Reproduce the records below exactly from their first line through the line containing "豚ロース肉を少し重ねて2枚ず", omitting all pictures.

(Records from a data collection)
*** Begin section ***

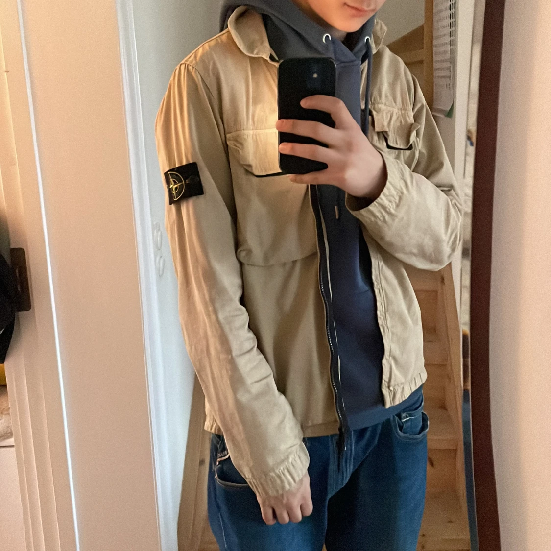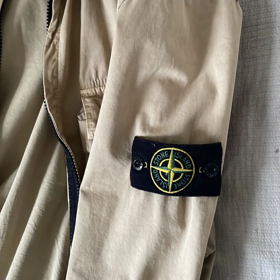 Säljer en snygg beige jacka från Stone Island med dragkedja. Jackan har en klassisk krage och den ikoniska Stone Island-loggan på ärmen. Perfekt för våren och sommaren!Skick 8/10 Kom dm för mer bilder eller frågor. Pris kan diskuteras
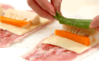 豚ロース肉を少し重ねて2枚ずつ並べ、塩コショウ、<衣>の小麦粉を薄く振り、スライスチーズを重ねる。水煮タケノコ、ニンジン、グリーンアスパラをのせ、しょうゆ少々をかけ、豚肉で巻き、巻き終わりをしっかり押さえる。
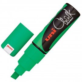 Маркер меловой UNI "Chalk", 8 мм, ЗЕЛЕНЫЙ, влагостираемый, для гладких поверхностей, PWE-8K F.GREEN
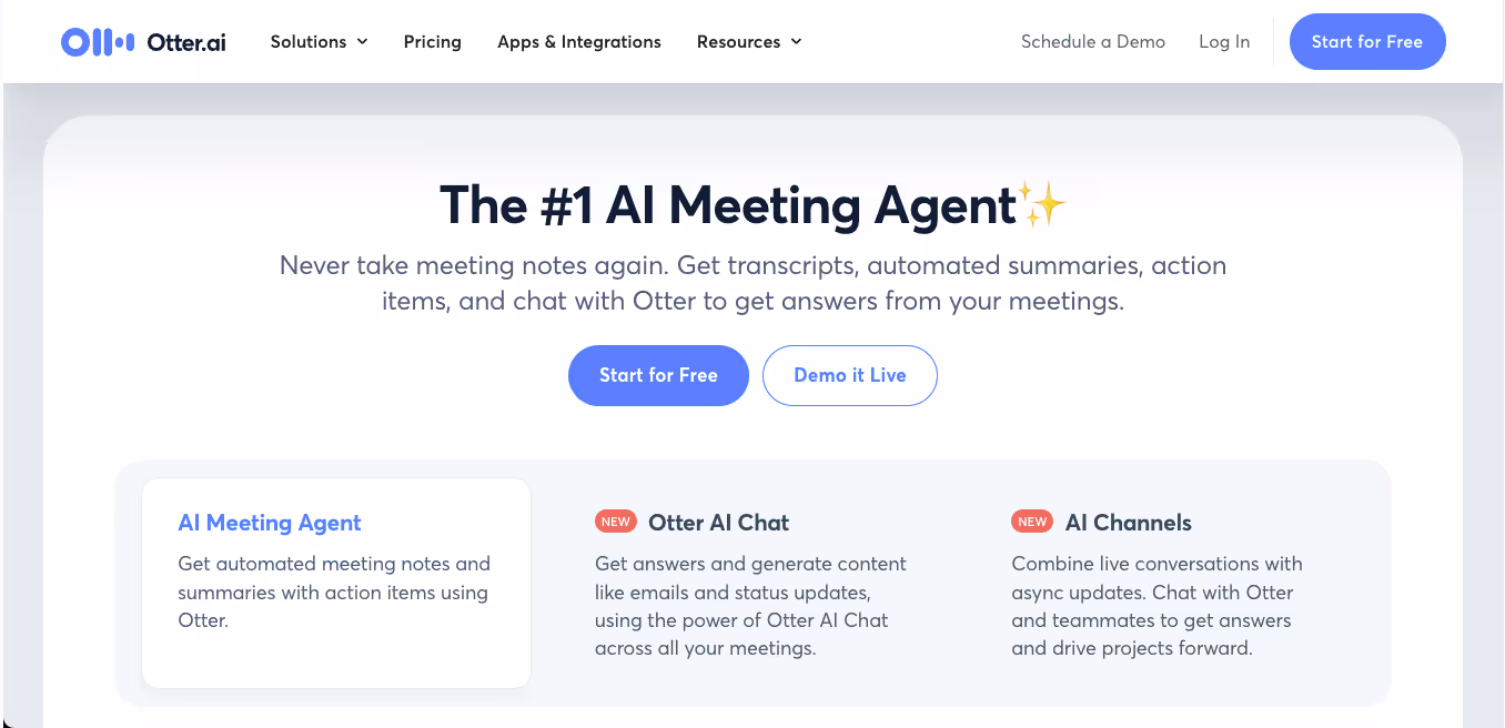 Otter.ai es un asistente de reuniones en línea que actualmente solo admite tres idiomas: inglés, español y francés. Usamos Otter para una de nuestras llamadas de marketing en Zoom y descubrimos cómo se unía automáticamente a la reunión, tomaba notas en tiempo real y resumió todo en un breve resumen. Lo que nos sorprendió fue que incluso incluía elementos de acción que facilitaban las cosas a uno de nuestros compañeros, que no podía unirse a la reunión.
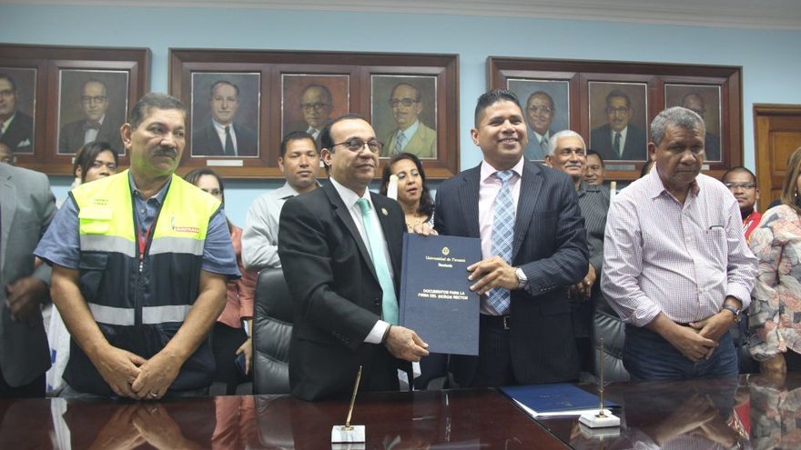 El rector Eduardo Flores y el secretario general del Sindicato Nacional de Trabajadores de la Universidad de Panamá (Aseupa -Sintup), Damián Espino, acordaron negociar la primera convención colectiva de la casa de estudios superiores.

*** End section ***

§ **Response box**
 Säljer en snygg beige jacka från Stone Island med dragkedja. Jackan har en klassisk krage och den ikoniska Stone Island-loggan på ärmen. Perfekt för våren och sommaren!Skick 8/10 Kom dm för mer bilder eller frågor. Pris kan diskuteras
 豚ロース肉を少し重ねて2枚ずつ並べ、塩コショウ、<衣>の小麦粉を薄く振り、スライスチーズを重ねる。水煮タケノコ、ニンジン、グリーンアスパラをのせ、しょうゆ少々をかけ、豚肉で巻き、巻き終わりをしっかり押さえる。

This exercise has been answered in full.